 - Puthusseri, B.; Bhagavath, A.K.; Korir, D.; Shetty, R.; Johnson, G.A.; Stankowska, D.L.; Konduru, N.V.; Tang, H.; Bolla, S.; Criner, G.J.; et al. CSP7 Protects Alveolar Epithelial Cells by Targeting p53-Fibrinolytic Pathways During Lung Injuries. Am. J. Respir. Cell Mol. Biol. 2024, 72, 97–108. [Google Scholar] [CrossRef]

==

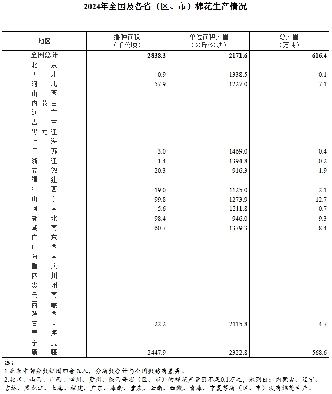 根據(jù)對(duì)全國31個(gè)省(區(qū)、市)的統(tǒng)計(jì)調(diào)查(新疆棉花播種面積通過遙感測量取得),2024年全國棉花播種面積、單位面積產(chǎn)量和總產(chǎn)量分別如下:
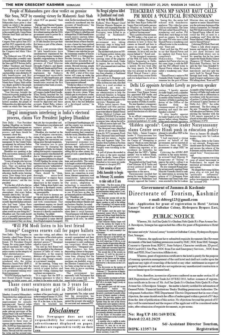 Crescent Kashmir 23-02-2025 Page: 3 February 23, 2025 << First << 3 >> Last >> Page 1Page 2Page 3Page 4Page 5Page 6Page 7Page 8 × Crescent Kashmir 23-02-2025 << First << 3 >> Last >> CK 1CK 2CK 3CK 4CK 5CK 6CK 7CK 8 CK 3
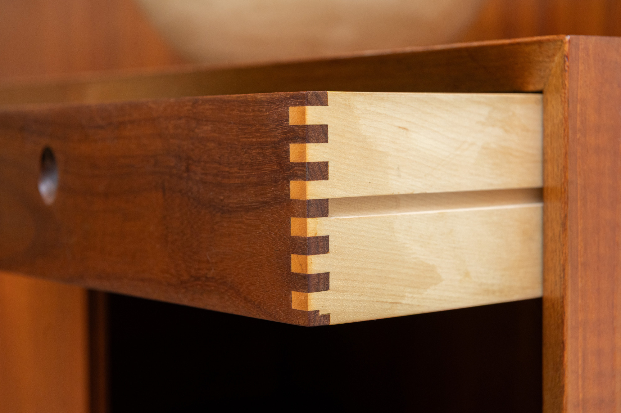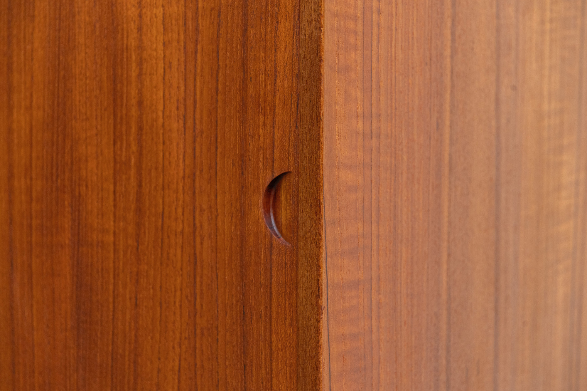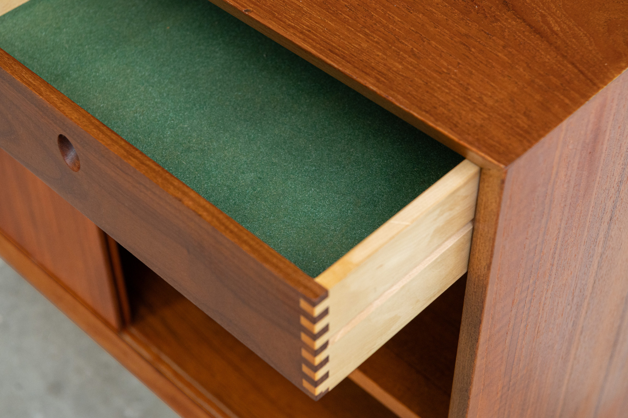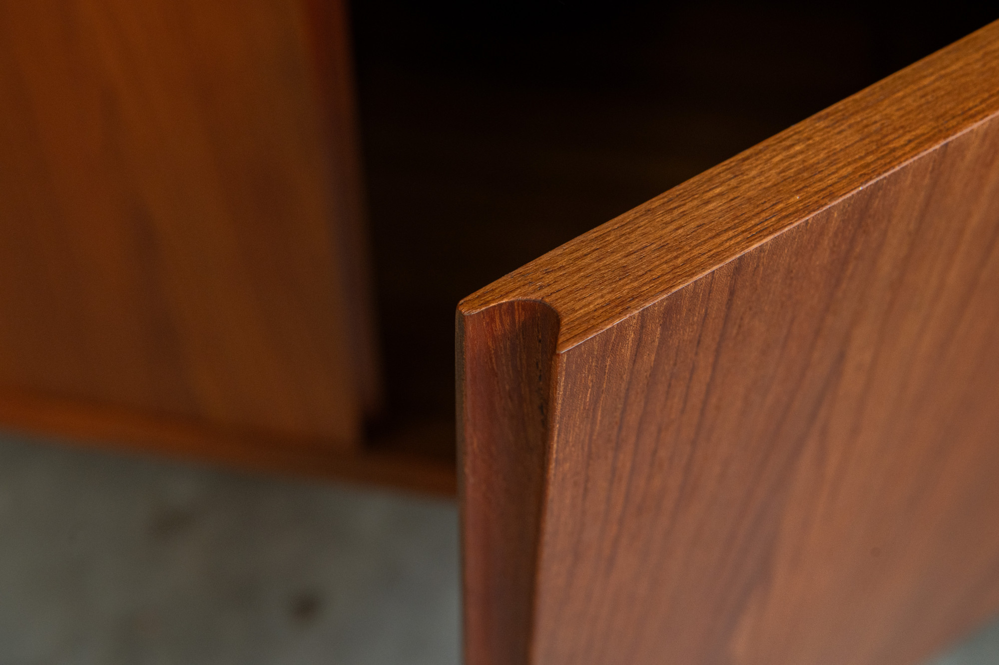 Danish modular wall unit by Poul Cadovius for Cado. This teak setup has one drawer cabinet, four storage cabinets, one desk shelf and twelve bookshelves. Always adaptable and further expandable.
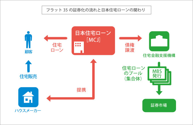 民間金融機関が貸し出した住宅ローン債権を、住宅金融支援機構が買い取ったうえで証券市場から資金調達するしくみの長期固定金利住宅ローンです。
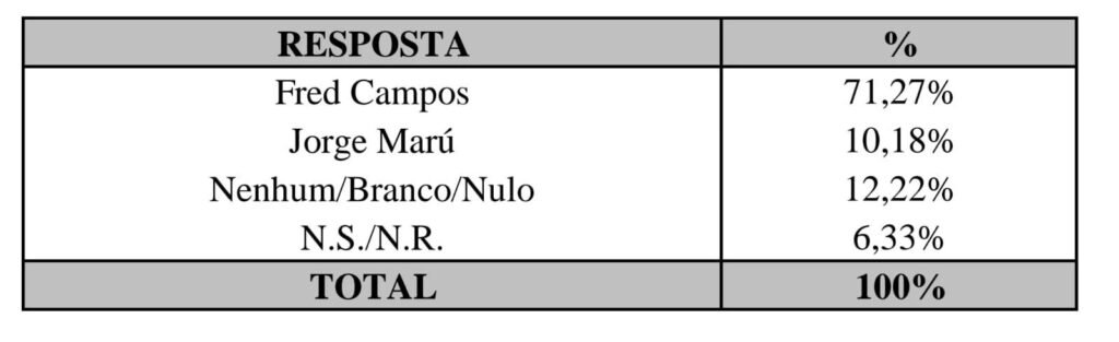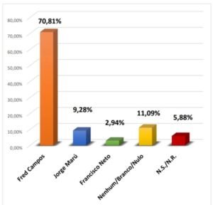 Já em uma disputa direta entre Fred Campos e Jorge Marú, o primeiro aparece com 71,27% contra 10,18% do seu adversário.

...

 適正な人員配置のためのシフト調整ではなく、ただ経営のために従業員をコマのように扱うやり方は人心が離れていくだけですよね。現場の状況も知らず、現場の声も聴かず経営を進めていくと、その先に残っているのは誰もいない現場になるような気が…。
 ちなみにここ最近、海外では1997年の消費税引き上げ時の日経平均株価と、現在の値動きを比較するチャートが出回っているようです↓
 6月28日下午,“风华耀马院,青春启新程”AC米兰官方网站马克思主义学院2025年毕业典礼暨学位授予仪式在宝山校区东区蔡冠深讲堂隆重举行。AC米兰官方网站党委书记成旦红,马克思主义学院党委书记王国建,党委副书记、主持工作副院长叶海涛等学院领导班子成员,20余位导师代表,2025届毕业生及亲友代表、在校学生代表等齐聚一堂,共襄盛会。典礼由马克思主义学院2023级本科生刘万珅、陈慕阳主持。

• [What is required]: Keep to the lines above from the line with "根據(jù)對(duì)全國" to the line with "Já em uma disputa", and set down exactly those, inclusive, with nothing else and every picture left out.

• [Result of the exercise]:
 根據(jù)對(duì)全國31個(gè)省(區(qū)、市)的統(tǒng)計(jì)調(diào)查(新疆棉花播種面積通過遙感測量取得),2024年全國棉花播種面積、單位面積產(chǎn)量和總產(chǎn)量分別如下:
 Crescent Kashmir 23-02-2025 Page: 3 February 23, 2025 << First << 3 >> Last >> Page 1Page 2Page 3Page 4Page 5Page 6Page 7Page 8 × Crescent Kashmir 23-02-2025 << First << 3 >> Last >> CK 1CK 2CK 3CK 4CK 5CK 6CK 7CK 8 CK 3
 Danish modular wall unit by Poul Cadovius for Cado. This teak setup has one drawer cabinet, four storage cabinets, one desk shelf and twelve bookshelves. Always adaptable and further expandable.
 民間金融機関が貸し出した住宅ローン債権を、住宅金融支援機構が買い取ったうえで証券市場から資金調達するしくみの長期固定金利住宅ローンです。
 Já em uma disputa direta entre Fred Campos e Jorge Marú, o primeiro aparece com 71,27% contra 10,18% do seu adversário.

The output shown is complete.